ASSIGNMENT
Your answer must consist of the records exactly as given, with no pictures included.

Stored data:
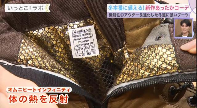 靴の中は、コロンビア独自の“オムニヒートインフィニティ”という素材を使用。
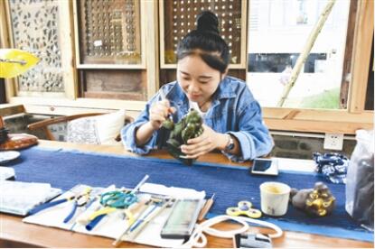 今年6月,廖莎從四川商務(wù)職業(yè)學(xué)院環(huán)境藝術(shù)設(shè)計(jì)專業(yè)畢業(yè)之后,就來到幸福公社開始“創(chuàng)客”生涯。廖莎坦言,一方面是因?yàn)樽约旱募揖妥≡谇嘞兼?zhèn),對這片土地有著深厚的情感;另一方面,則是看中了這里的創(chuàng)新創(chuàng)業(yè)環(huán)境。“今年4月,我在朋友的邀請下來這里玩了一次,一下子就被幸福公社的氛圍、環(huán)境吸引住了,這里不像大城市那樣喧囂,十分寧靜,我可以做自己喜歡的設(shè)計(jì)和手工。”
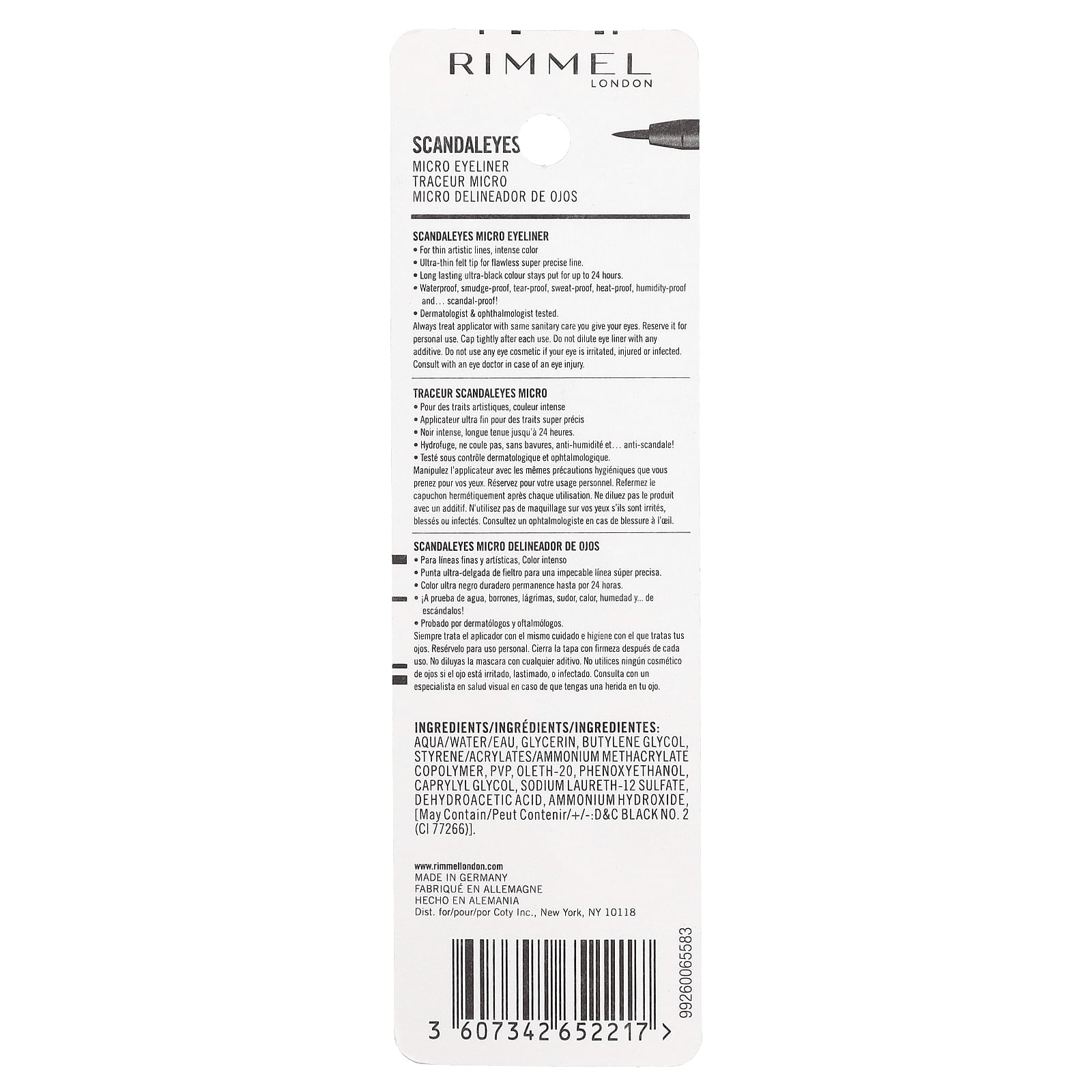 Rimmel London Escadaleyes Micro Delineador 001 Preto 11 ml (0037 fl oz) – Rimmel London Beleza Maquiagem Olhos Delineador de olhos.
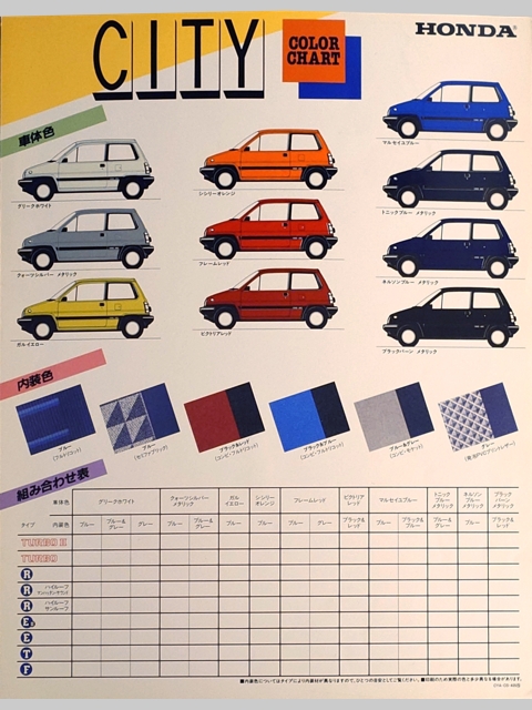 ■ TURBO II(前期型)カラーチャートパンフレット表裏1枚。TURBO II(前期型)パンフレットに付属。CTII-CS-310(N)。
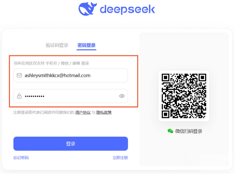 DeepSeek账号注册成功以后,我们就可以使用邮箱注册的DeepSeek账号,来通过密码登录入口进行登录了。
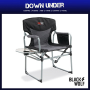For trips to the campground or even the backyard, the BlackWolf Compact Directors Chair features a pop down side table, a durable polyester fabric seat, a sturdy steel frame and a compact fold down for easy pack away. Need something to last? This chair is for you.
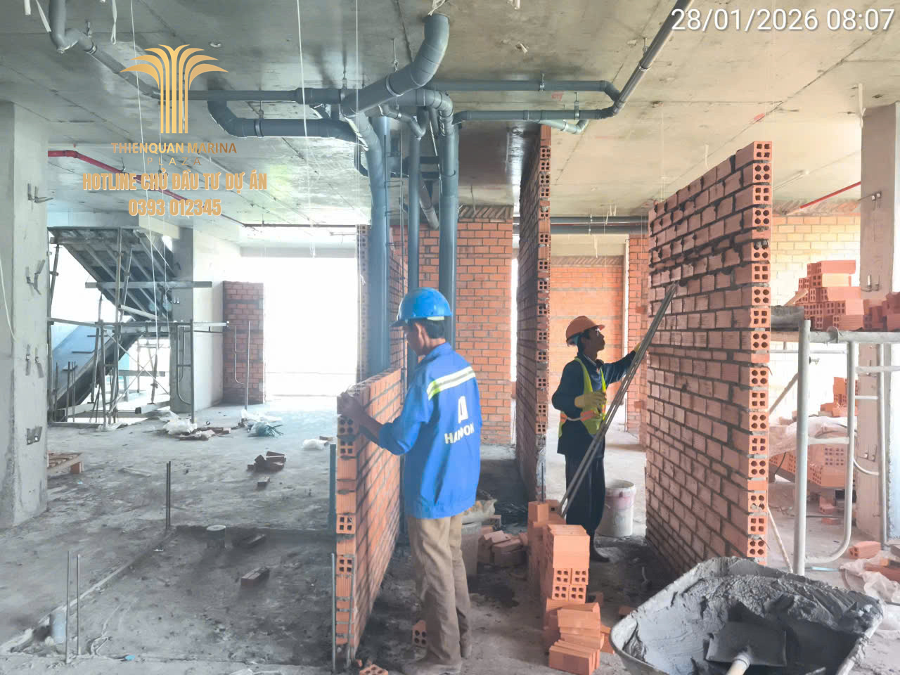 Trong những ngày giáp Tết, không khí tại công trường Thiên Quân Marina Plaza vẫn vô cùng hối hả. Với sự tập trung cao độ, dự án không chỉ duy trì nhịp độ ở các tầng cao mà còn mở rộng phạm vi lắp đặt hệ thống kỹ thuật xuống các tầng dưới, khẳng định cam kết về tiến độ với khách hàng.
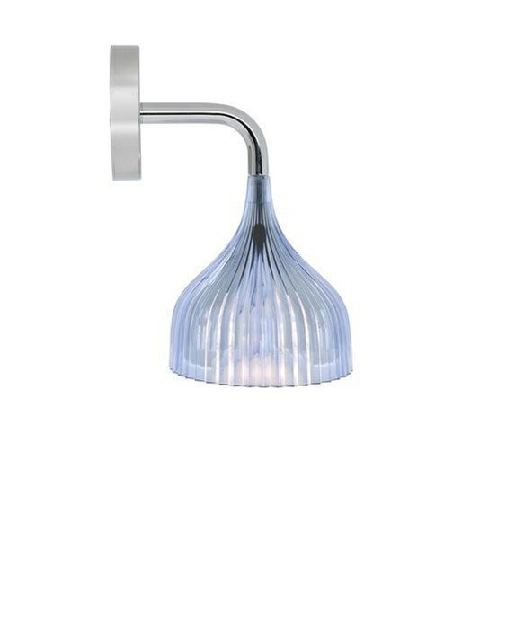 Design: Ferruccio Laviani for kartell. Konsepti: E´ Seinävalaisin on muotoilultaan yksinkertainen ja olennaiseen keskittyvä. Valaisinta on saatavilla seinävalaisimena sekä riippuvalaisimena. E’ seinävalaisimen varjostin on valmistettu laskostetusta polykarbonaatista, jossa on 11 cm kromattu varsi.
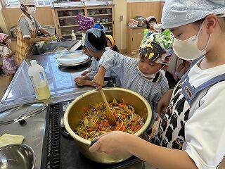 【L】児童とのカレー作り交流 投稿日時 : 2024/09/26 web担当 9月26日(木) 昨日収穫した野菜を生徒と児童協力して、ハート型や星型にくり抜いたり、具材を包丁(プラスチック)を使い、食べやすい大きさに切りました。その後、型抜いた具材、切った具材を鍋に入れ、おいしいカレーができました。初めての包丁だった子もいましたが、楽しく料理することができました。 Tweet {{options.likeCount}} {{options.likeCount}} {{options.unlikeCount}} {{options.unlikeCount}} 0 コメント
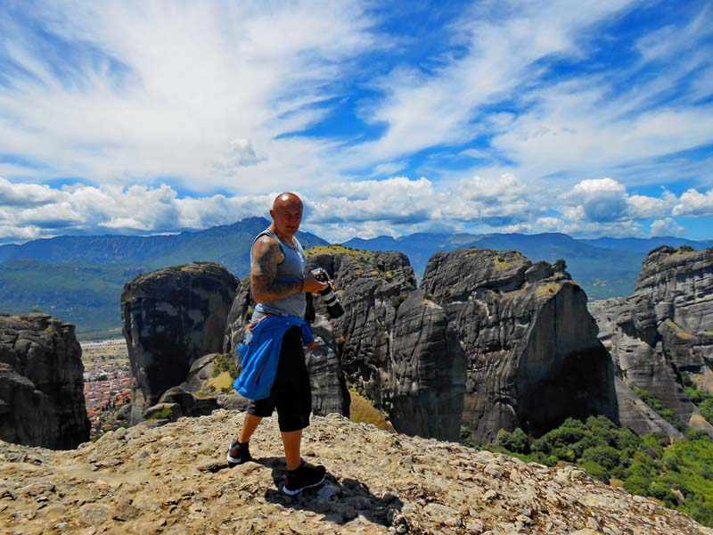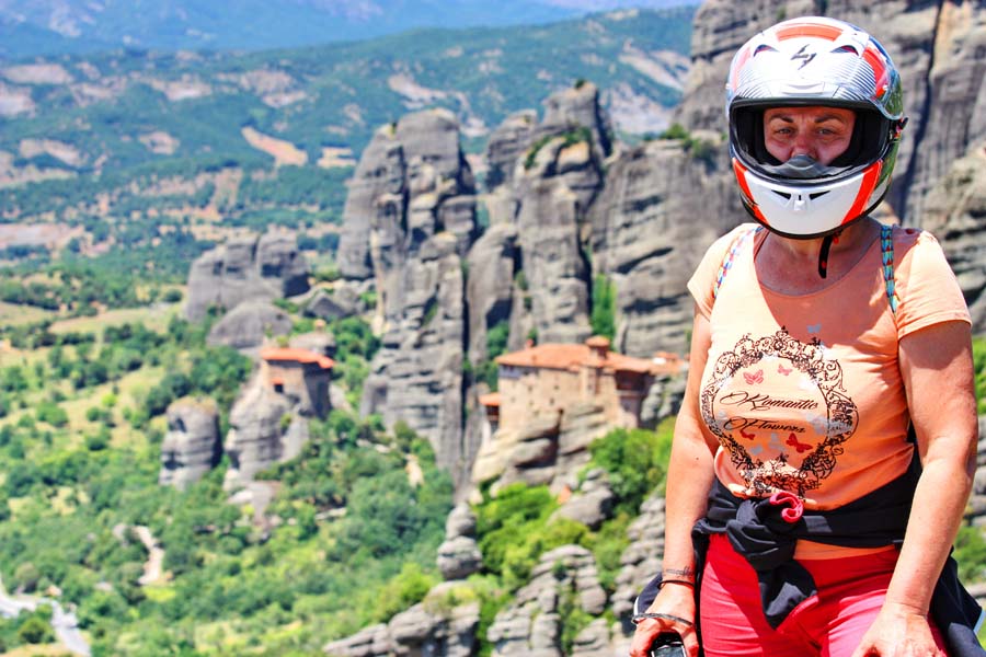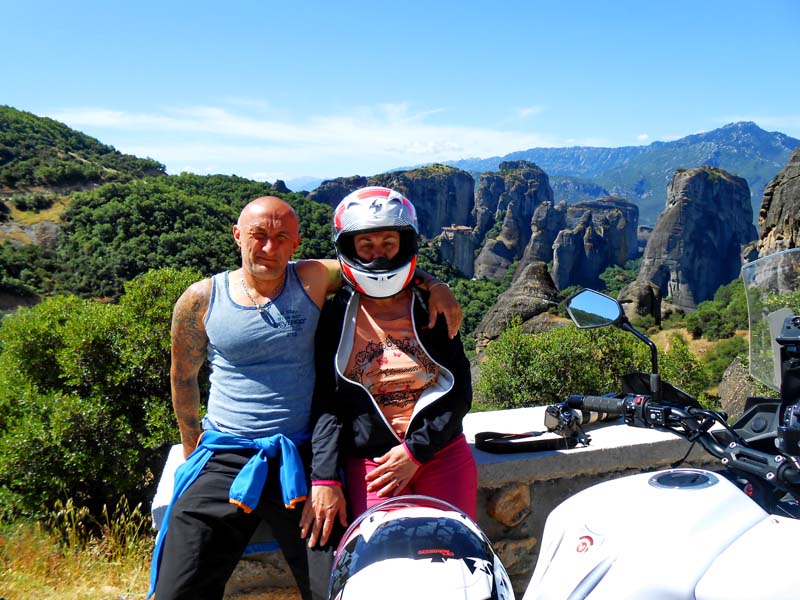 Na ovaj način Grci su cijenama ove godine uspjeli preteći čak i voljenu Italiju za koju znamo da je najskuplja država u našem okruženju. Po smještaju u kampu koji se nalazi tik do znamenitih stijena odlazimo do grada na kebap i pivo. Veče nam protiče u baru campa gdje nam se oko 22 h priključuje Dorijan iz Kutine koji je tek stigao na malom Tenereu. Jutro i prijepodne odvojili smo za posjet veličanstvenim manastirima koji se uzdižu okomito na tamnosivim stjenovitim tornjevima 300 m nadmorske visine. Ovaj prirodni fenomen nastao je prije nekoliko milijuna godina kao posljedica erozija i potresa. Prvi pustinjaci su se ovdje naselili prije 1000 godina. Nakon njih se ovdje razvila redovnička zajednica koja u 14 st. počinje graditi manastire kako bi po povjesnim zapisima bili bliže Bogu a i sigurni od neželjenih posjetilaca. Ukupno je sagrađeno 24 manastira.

TASK RESPONSE
 靴の中は、コロンビア独自の“オムニヒートインフィニティ”という素材を使用。
 今年6月,廖莎從四川商務(wù)職業(yè)學(xué)院環(huán)境藝術(shù)設(shè)計(jì)專業(yè)畢業(yè)之后,就來到幸福公社開始“創(chuàng)客”生涯。廖莎坦言,一方面是因?yàn)樽约旱募揖妥≡谇嘞兼?zhèn),對這片土地有著深厚的情感;另一方面,則是看中了這里的創(chuàng)新創(chuàng)業(yè)環(huán)境。“今年4月,我在朋友的邀請下來這里玩了一次,一下子就被幸福公社的氛圍、環(huán)境吸引住了,這里不像大城市那樣喧囂,十分寧靜,我可以做自己喜歡的設(shè)計(jì)和手工。”
 Rimmel London Escadaleyes Micro Delineador 001 Preto 11 ml (0037 fl oz) – Rimmel London Beleza Maquiagem Olhos Delineador de olhos.
 ■ TURBO II(前期型)カラーチャートパンフレット表裏1枚。TURBO II(前期型)パンフレットに付属。CTII-CS-310(N)。
 DeepSeek账号注册成功以后,我们就可以使用邮箱注册的DeepSeek账号,来通过密码登录入口进行登录了。
For trips to the campground or even the backyard, the BlackWolf Compact Directors Chair features a pop down side table, a durable polyester fabric seat, a sturdy steel frame and a compact fold down for easy pack away. Need something to last? This chair is for you.
 Trong những ngày giáp Tết, không khí tại công trường Thiên Quân Marina Plaza vẫn vô cùng hối hả. Với sự tập trung cao độ, dự án không chỉ duy trì nhịp độ ở các tầng cao mà còn mở rộng phạm vi lắp đặt hệ thống kỹ thuật xuống các tầng dưới, khẳng định cam kết về tiến độ với khách hàng.
 Design: Ferruccio Laviani for kartell. Konsepti: E´ Seinävalaisin on muotoilultaan yksinkertainen ja olennaiseen keskittyvä. Valaisinta on saatavilla seinävalaisimena sekä riippuvalaisimena. E’ seinävalaisimen varjostin on valmistettu laskostetusta polykarbonaatista, jossa on 11 cm kromattu varsi.
 【L】児童とのカレー作り交流 投稿日時 : 2024/09/26 web担当 9月26日(木) 昨日収穫した野菜を生徒と児童協力して、ハート型や星型にくり抜いたり、具材を包丁(プラスチック)を使い、食べやすい大きさに切りました。その後、型抜いた具材、切った具材を鍋に入れ、おいしいカレーができました。初めての包丁だった子もいましたが、楽しく料理することができました。 Tweet {{options.likeCount}} {{options.likeCount}} {{options.unlikeCount}} {{options.unlikeCount}} 0 コメント
 Na ovaj način Grci su cijenama ove godine uspjeli preteći čak i voljenu Italiju za koju znamo da je najskuplja država u našem okruženju. Po smještaju u kampu koji se nalazi tik do znamenitih stijena odlazimo do grada na kebap i pivo. Veče nam protiče u baru campa gdje nam se oko 22 h priključuje Dorijan iz Kutine koji je tek stigao na malom Tenereu. Jutro i prijepodne odvojili smo za posjet veličanstvenim manastirima koji se uzdižu okomito na tamnosivim stjenovitim tornjevima 300 m nadmorske visine. Ovaj prirodni fenomen nastao je prije nekoliko milijuna godina kao posljedica erozija i potresa. Prvi pustinjaci su se ovdje naselili prije 1000 godina. Nakon njih se ovdje razvila redovnička zajednica koja u 14 st. počinje graditi manastire kako bi po povjesnim zapisima bili bliže Bogu a i sigurni od neželjenih posjetilaca. Ukupno je sagrađeno 24 manastira.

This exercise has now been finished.